- _Dataset records_:
════════════════════

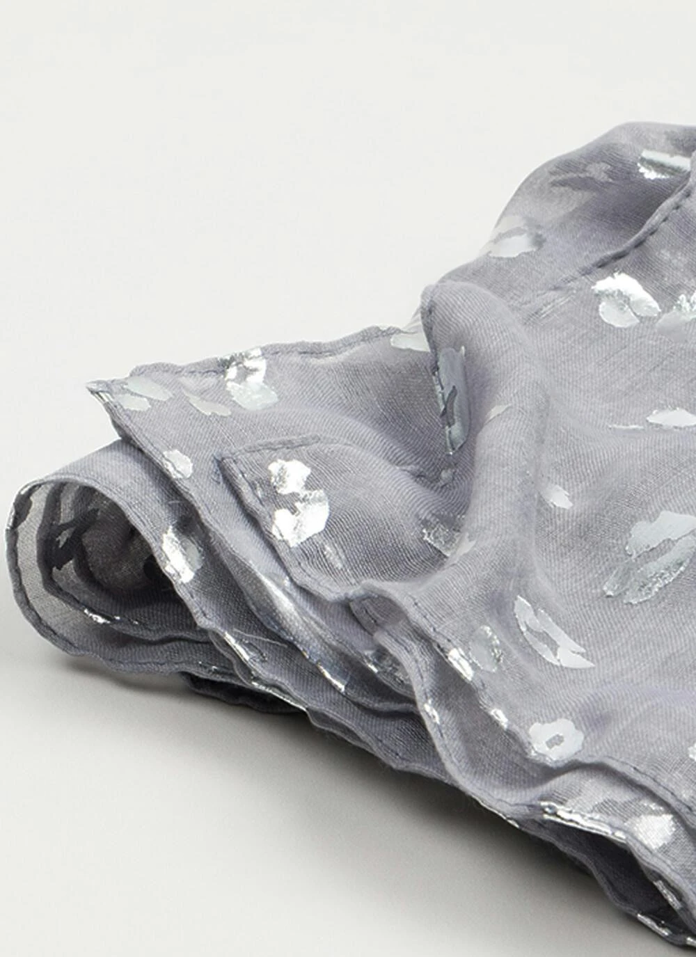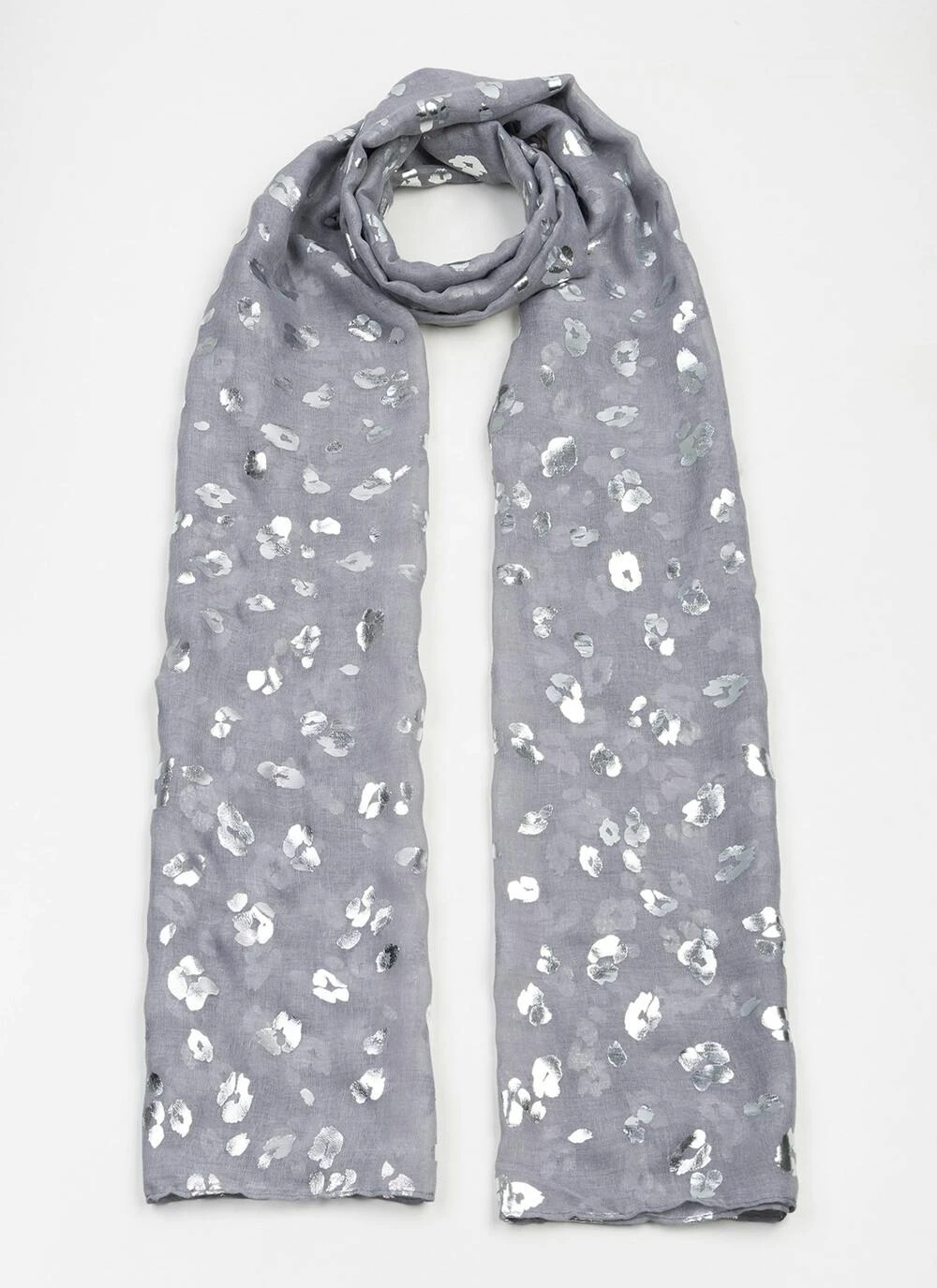 Accessorise your outfit in style with this lightweight scarf featuring a delicate shimmering foil print.
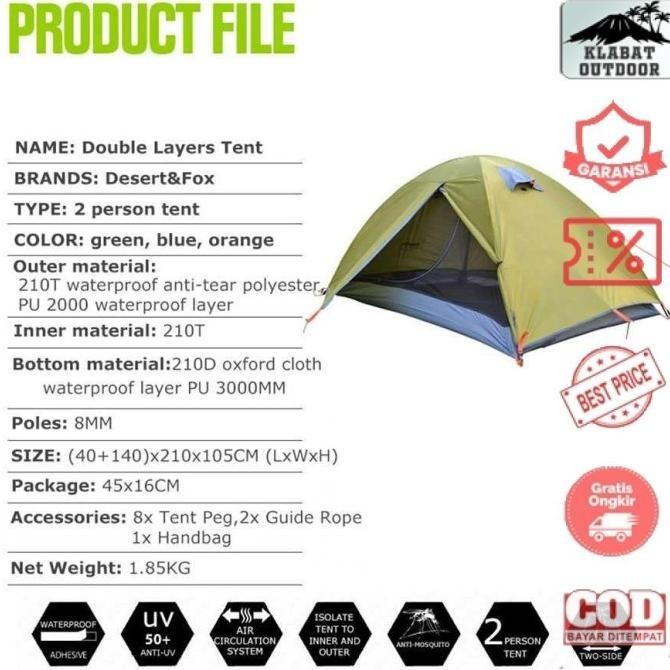 Tenda Camping Double Layer 2 Orang Kemping doble kapasitas 2 Orang
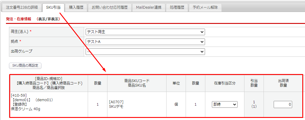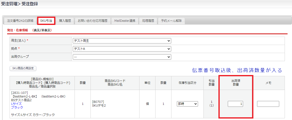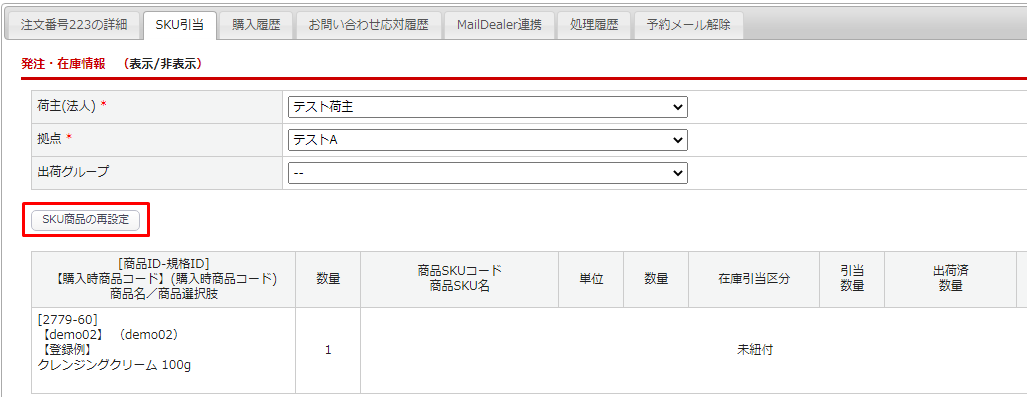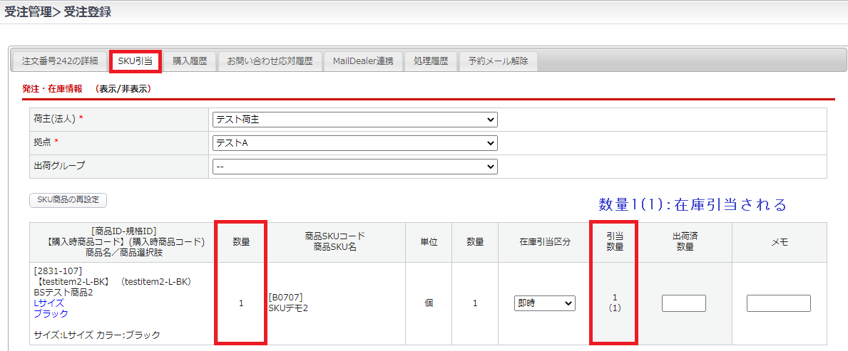 ➡商品SKUの登録、および、商品マスタ紐付けを行った後、受注管理>受注登録>「SKU引当」タブにて
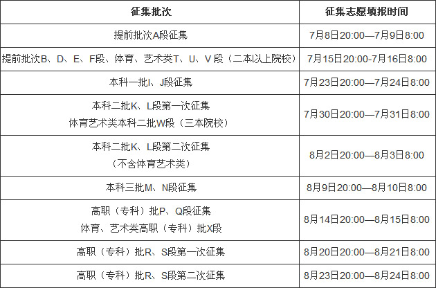 本科提前批a段、 b段、c段、d段、e段、f段、g段,本科一批h段、i段、j段,本科二批k段、l段,高职(专科)批p段、q段,体育、艺术类本科一批(t段、u段、v段),体育、艺术类本科二批(w段)。
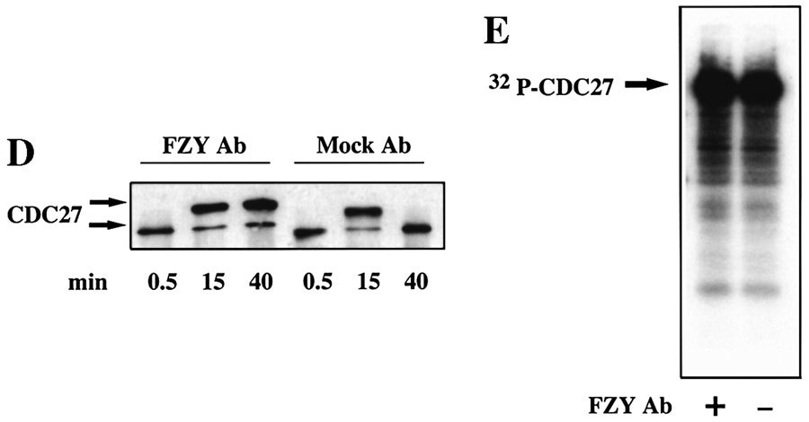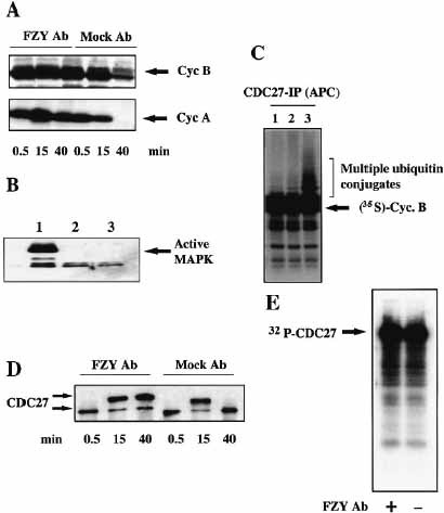 FZY antibodies suppress MPF-dependent activation of the APC/cyclosome. (A) An interphase extract (20 μl), prepared 40 min after parthenogenetic activation from Xenopus eggs, received either 2 μg of affinity-purified FZY antibodies, or the same amount of rabbit immunoglobulins (Mock Ab). After 10 min, highly purified starfish cyclin B–cdc2 kinase was added (1 μl; volumic activity: 200 pmol P/min/μl). Samples were taken 0.5, 15 and 40 min thereafter and analysed by Western blotting with an antibody directed against starfish cyclin B (upper panel) for degradation of cyclin B. The lower panel shows the same experiment, excepted that recombinant human cyclin A was added before cyclin B–cdc2 kinase addition, and samples were analysed by Western blotting with an antibody directed against human cyclin A. (B) Samples taken 30 min after cyclin B–cdc2 kinase addition in the above experiment, in the presence of affinity-purified FZY antibodies (lane 2) or mock immunoglobulins (lane 3), were run together with a CSF sample (lane 1) and analysed by Western blotting for detection of the active, phosphorylated form of MAPK. Active MAPK is detected in CSF extract only. (C) Samples, taken before (lane 1) or 20 min after addition of starfish cyclin B–cdc2 kinase in the experiment depicted in (A), and containing affinity-purified FZY antibodies (lane 2) or mock immunoglobulins (lane 3), were first depleted with protein A–Sepharose, then supernatants were immunoprecipitated with affinity-purified CDC27 antibodies. The immunoprecipitated APC/cyclosome was assayed in each condition for accumulation of ubiquitin conjugates from 35S-labelled cyclin B1 during a 15 min incubation (see Materials and methods). (D) Same experiments as (A), but the blot was probed with affinity-purified CDC27 antibodies. (E) Same experiment as in (A), using an interphase extract (20 μl) containing 2 μg of FZY antibodies (+) or 2 μg of control immunoglobulins (−), but starfish cyclin B–cdc2 kinase was added simultaneously with [γ-32P]ATP (50 μCi). After 20 min, FZY antibodies or control immunoglobulins were depleted with protein A–Sepharose beads, then the APC/cyclosome was immunoprecipitated with affinity-purified CDC27 antibodies and analysed by autoradiography after SDS–PAGE.
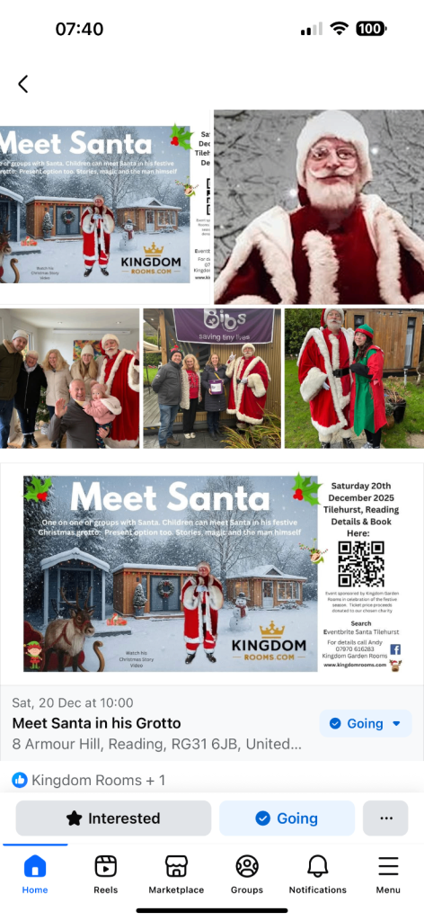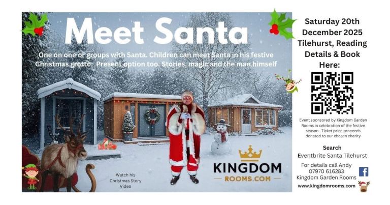 He's back... Santa has kindly agreed to visit and meet the children of Reading on Saturday 20th December at Kingdom Garden Rooms. He will be magically transforming one of our display buildings into a fabulous Christmas Grotto. With ticket proceeds donated to charity this is a beautiful experience for a child or groups able meet the main man and discover just how much he knows about your Christmas dreams. Plus, receive your own individual gift.
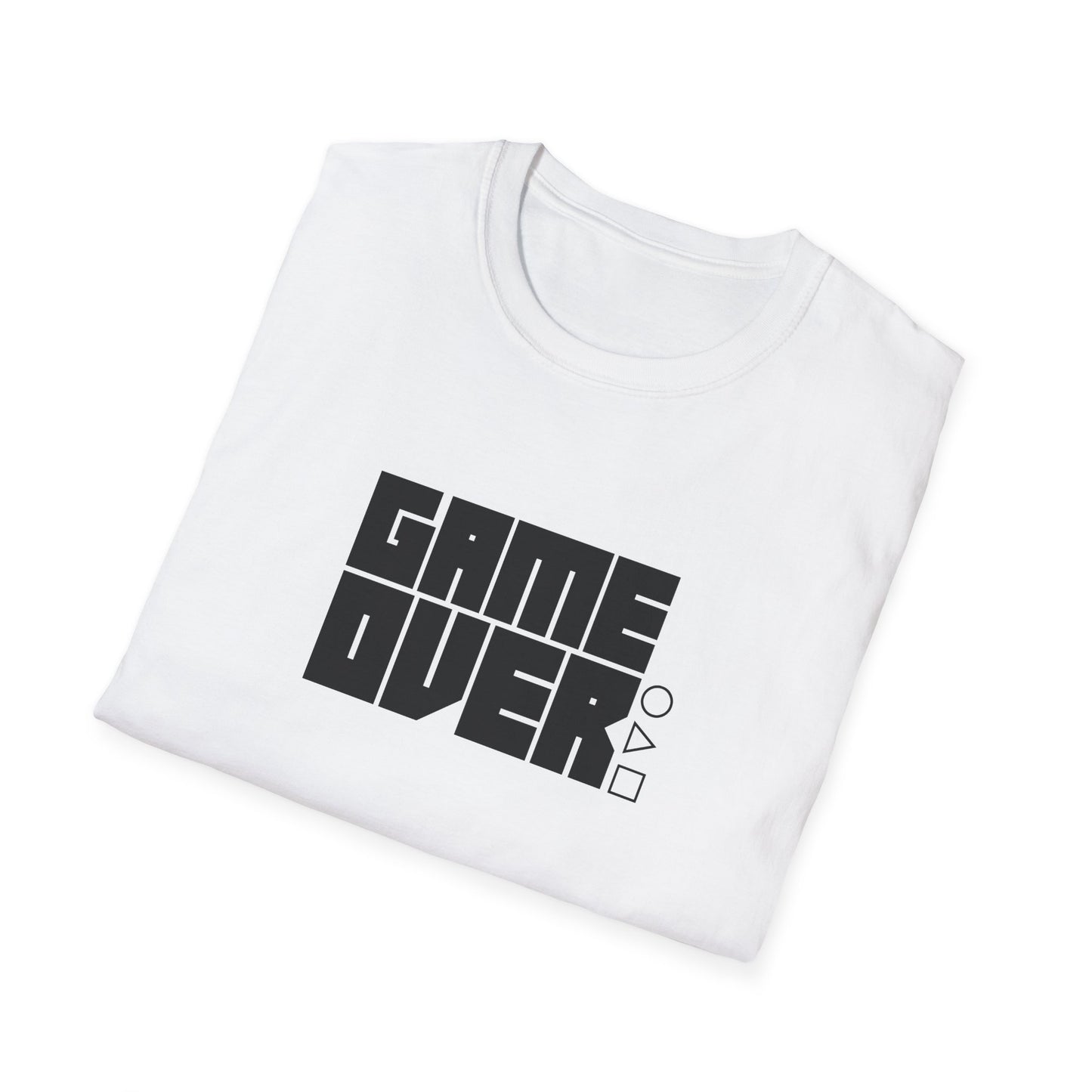 🎮🔥 Retro-Futuristic Showdown! This futuristic t-shirt features the iconic phrase "GAME OVER" in a bold, retro-futuristic font, accompanied by the legendary game controller icons: square, triangle, and circle. Perfect for gamers who love the nostalgic vibe of classic PlayStation consoles, this design combines retro charm with a futuristic twist. Grab yours now and let everyone know that when the game is over, it's time to reboot and play again! 🚀👾

════════════════════

- _What to work on_: Starting at the first line of the records above, set down each line exactly through the one that holds "本科提前批a段、 b段、c段". Omit pictures.

- _Response to the exercise_:
 Accessorise your outfit in style with this lightweight scarf featuring a delicate shimmering foil print.
 Tenda Camping Double Layer 2 Orang Kemping doble kapasitas 2 Orang
 ➡商品SKUの登録、および、商品マスタ紐付けを行った後、受注管理>受注登録>「SKU引当」タブにて
 本科提前批a段、 b段、c段、d段、e段、f段、g段,本科一批h段、i段、j段,本科二批k段、l段,高职(专科)批p段、q段,体育、艺术类本科一批(t段、u段、v段),体育、艺术类本科二批(w段)。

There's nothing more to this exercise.